Clamp Down Coming on Egg Vendors

ANTIGUA & BARBUDA - Any vendor and/or farmer caught selling eggs that have not been stored at the right temperature will find themselves in trouble with public health officials.
calendar icon 3 October 2017
clock icon 3 minute read

According to The Daily Observer, that is the warning from the Chief Health Inspector, Lionel Michael, who told OBSERVER media that the eggs will be confiscated on the spot – and ultimately the vendors will lose money.

Mr Michael said, "We met with the egg association [Antigua & Barbuda Poultry Association] and we impressed upon them, explained to them, the importance of keeping eggs at seven degrees Celsius or 45 degrees Fahrenheit and lower because we are guarding against salmonella."

The chief said consumers also have a role to play in protecting themselves and they should not buy eggs if they are not stored on ice or refrigerated.

"The market people cannot walk with a fridge but they can walk with coolers, an old fridge and put the eggs on ice.

"People should not buy egg that are not on ice and we have been telling people this," he stressed.

Mr Michael said his department’s decision to start clamping down on these vendors “soon”, is to protect all parties.

"If they (vendors) make people sick and the food borne disease investigation leads to them they can be sued and their business can be wiped out by lawsuit and legal fees," the official elaborated.
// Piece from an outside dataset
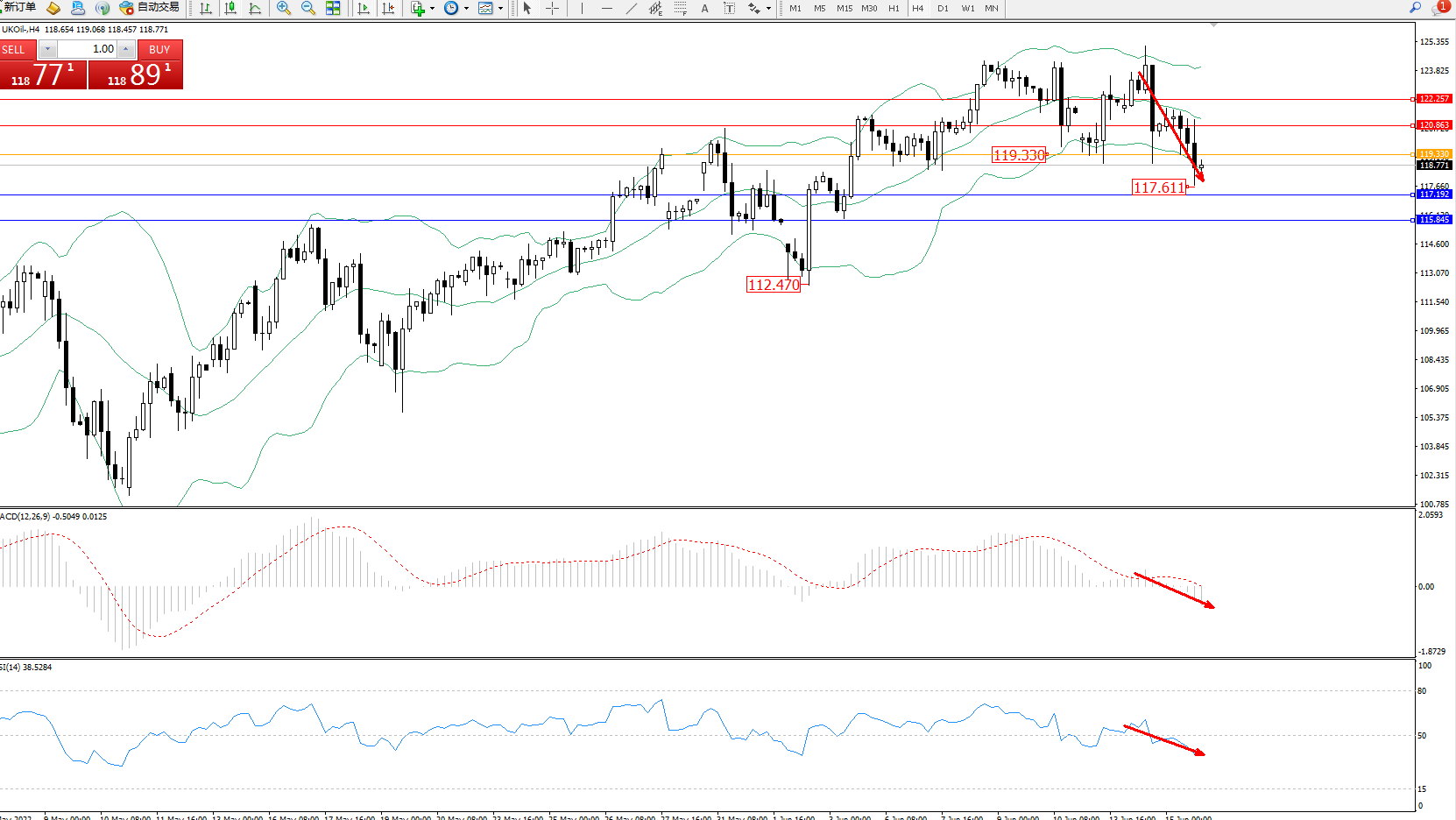 布油UKOil——4小时K线图显示:
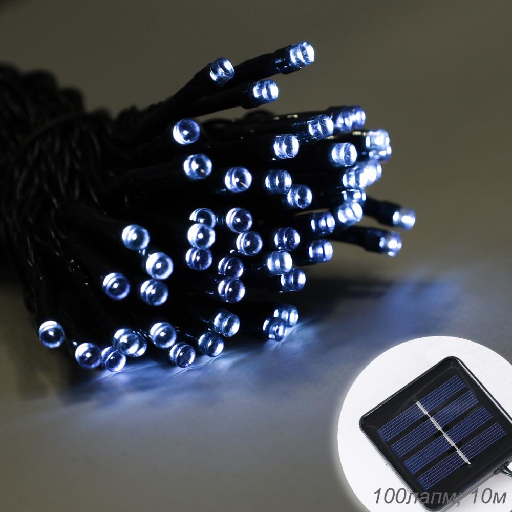 Гирлянда с питанием от солнечных элементов 10 м 100 лампочек 6 режимов / DPM-5801 /уп 100/ белый свет

Apart from cautioning vendors and consumers about storing eggs at the right temperature, he is also warning against selling and buying cracked eggs.

"That is most dangerous," he said of the practice. "And if we come across these people selling cracked eggs at the farm we will seize the eggs."

Mr Michael’s overall advice is that "you cannot hold eggs at room temperature because it’s a risk."

The President of the poultry association, Amryl Julian has responded to Michael’s cautions, saying she will take the issues up with her colleagues.

However, she added that as far as she’s aware, the "members have not been doing anything to harm the quality of the product and at large the public interest," but she hastened to add that she could only speak about the farmers and not vendors because "not every egg seller is the farmer."

With respect to vendors/farmers selling cracked eggs, Julian said the association is "always open to what the central board of health policies are" as she admitted people do sell cracked eggs.

Ms Julian also said she too is concerned about how some vendors are storing eggs "because eggs should not be stored in the sun." She said she has seen this being done but has not personally advised anyone to desist.